At CapTag we use the RFmax to look at the signal strength around bottles. We did not realise what we were seeing; the RFmax has given us radio eyes for RFID Gen 2.
Now achieving consistent and measurable results. no batteries; how do they get that range!! Fantastic product for teaching and research as well as installation.
Overall Satisfaction
Review by GigSurf / (Posted on 12/30/2015)
This is a must have in your RFID kit!
REVIEW: RFMAX RFIDPOWER MAPPER

The RFMax Power Mapper is a compact tool to determine the radiation pattern for an installed UHF
RFID transceiver system.
The device measures 3 x 4 x 1.5 inch (including the antenna) and weighs about 2 ounces.

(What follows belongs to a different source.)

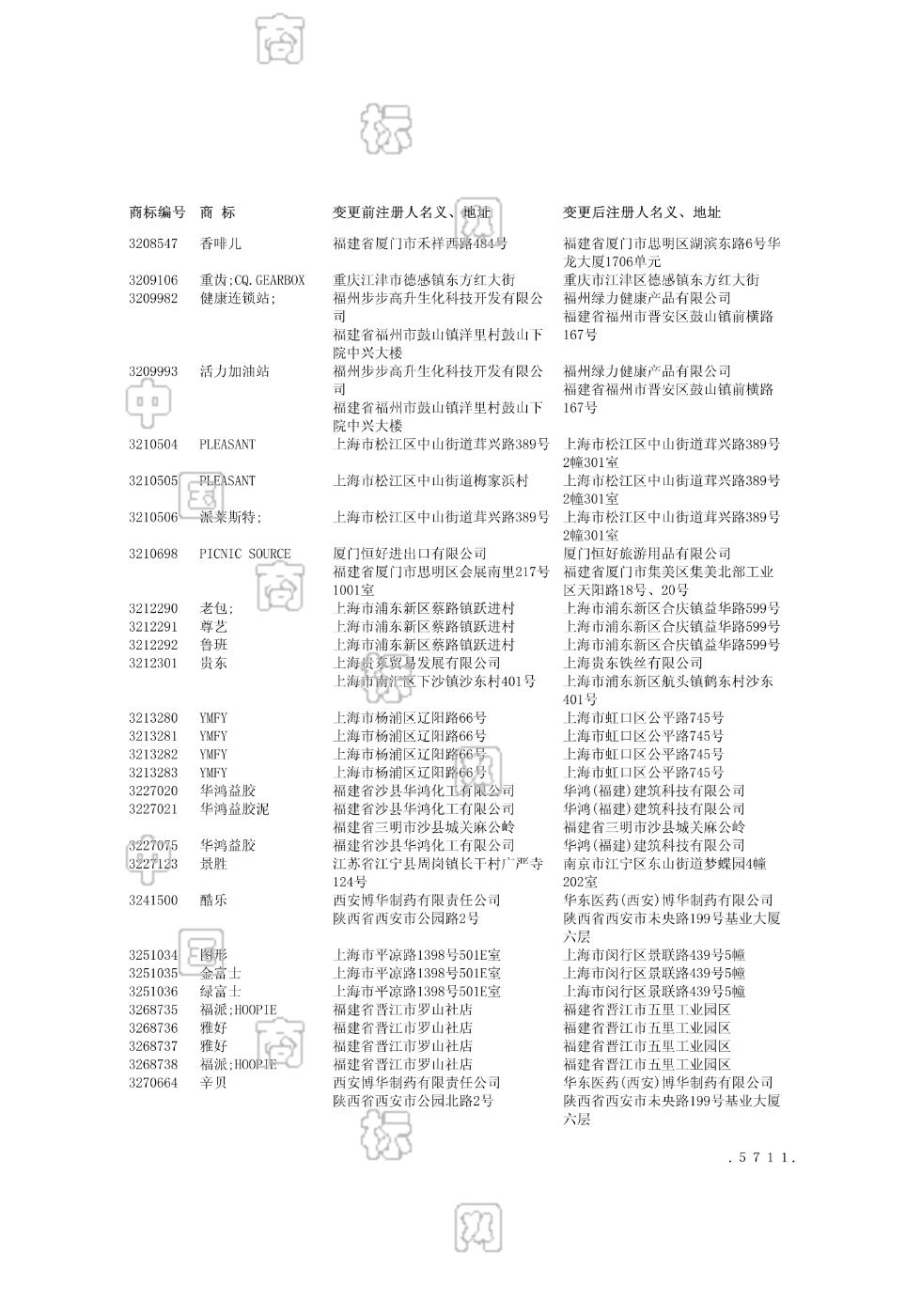 商标注册人申请人名义及地址变更公告 2011-10-13 第1283期 查看公告

It uses a linear (small whip) antenna. This antenna is mounted on a standard SMA female bulkhead
connector and can be removed. When removed, the height of the device goes down from 4 inches to
2.75 inches.
The instrument is equipped with a toggle switch which adds 12dB attenuation when activated, which is
to be used for measurements in near vicinity to a reader antenna, to prevent the meter from pegging
out.
The instrument is based on an analog moving-coil meter. The whole system derives its power from the
RF field, meaning no batteries are necessary.
Test results
Firstly, the instrument was tested with a standard 9dBic antenna fed by a 1 watt PEP RFID reader.

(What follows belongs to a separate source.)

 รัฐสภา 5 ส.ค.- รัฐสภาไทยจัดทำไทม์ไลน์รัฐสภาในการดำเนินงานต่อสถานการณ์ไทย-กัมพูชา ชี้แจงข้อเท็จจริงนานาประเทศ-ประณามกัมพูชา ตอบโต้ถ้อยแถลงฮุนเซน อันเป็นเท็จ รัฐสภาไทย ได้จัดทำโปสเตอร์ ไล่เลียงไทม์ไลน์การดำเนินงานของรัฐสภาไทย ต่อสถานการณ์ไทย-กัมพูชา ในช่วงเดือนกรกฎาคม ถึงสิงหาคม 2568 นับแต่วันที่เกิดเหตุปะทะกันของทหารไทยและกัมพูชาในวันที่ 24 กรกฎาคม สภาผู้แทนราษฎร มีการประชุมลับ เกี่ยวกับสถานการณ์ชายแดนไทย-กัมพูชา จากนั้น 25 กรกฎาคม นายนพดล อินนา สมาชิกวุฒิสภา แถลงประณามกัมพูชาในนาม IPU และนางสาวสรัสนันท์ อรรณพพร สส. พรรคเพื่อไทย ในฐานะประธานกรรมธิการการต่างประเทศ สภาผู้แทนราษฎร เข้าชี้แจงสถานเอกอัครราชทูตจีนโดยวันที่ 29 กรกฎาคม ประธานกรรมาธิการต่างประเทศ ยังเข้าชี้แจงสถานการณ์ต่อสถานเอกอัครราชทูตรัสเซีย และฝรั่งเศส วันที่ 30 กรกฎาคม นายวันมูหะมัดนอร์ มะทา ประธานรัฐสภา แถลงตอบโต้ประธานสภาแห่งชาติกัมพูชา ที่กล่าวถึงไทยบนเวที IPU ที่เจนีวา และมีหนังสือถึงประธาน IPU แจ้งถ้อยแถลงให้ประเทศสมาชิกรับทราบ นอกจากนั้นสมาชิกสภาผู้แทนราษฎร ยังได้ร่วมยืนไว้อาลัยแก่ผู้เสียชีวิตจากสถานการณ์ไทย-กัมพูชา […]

The mapper shows the boundaries of the field well, although an actual RFID tag reads a bit farther than
the minimum meter indication. As long as the user is aware of this phenomenon, this is a good tool to
get a quick impression of the functionality and proper operation of an RFID reader installation.

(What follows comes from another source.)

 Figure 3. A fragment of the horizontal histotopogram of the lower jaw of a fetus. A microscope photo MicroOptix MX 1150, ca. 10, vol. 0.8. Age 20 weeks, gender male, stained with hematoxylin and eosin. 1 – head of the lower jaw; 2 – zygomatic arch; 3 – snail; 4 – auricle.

Also, the tool turned out to be very helpful in determining the circularity of the antenna pattern; by
rotating it around its axis while being held at antenna bore sight, this works very well.
As it turns out, the sensitivity of the instrument does not change much from 850 to 930 MHz, so it can
be used for both ETSI and FCC installations without the need for re-calibration.
Of course, for an instrument working according the principle of a passive RF detector, it makes a
difference in sensitivity whether the reader transmitter is modulated or not (the latter defined as
constant-wave), as the instrument does not have a peak-hold function; it only records the average
amplitude of the transmitted signal. To be more specific; the lower the transmitted duty-cycle of the
emitted signal is, the lower the indication on the instrument will be with all other things being equal. So
if one wants to comparative measurements and/or more absolute measurements, the RFID reader
transmitter should be switched to constant-wave operation when mapping the field with this device.
As a second test, the 12dB attenuator was activated, and the results compared against a 12dB decrease
in actual transmitted field strength (with the meter attenuator off). This showed us that the 12dB
attenuator indeed corresponds reasonably well with a 12dB step in attenuation (within 2dB accuracy
which is very good for a low-cost tool like this)
As a third test, we also tested the detector output to monitor the detected envelope wave form on an
oscilloscope. As it turns out, the detector can follow the modulation transitions without a problem, so
the output signal is a good representation of the actual transmitted signal AM envelope.
Although we have not tested this yet, the SMA connector on this device would also allow for actual
power measurements directly on the coaxial port of an RFID reader, on condition this would be done in
combination with an additional RF attenuator. In this way, actual reader output power could be
measured, assuming a one-time calibration would be done in the lab first for this instrument. This
method could be a good alternative for taking an expensive power meter out on the road (like a Bird 43
and the like) .
To summarize:
We have found the RFMax power mapper to be an excellent and convenient tool when doing RFID
reader installations; it fulfills all promises. This instrument should be a standard part of any RFID
installer's tool box.
Overall Satisfaction
Review by Mike / (Posted on 9/4/2015)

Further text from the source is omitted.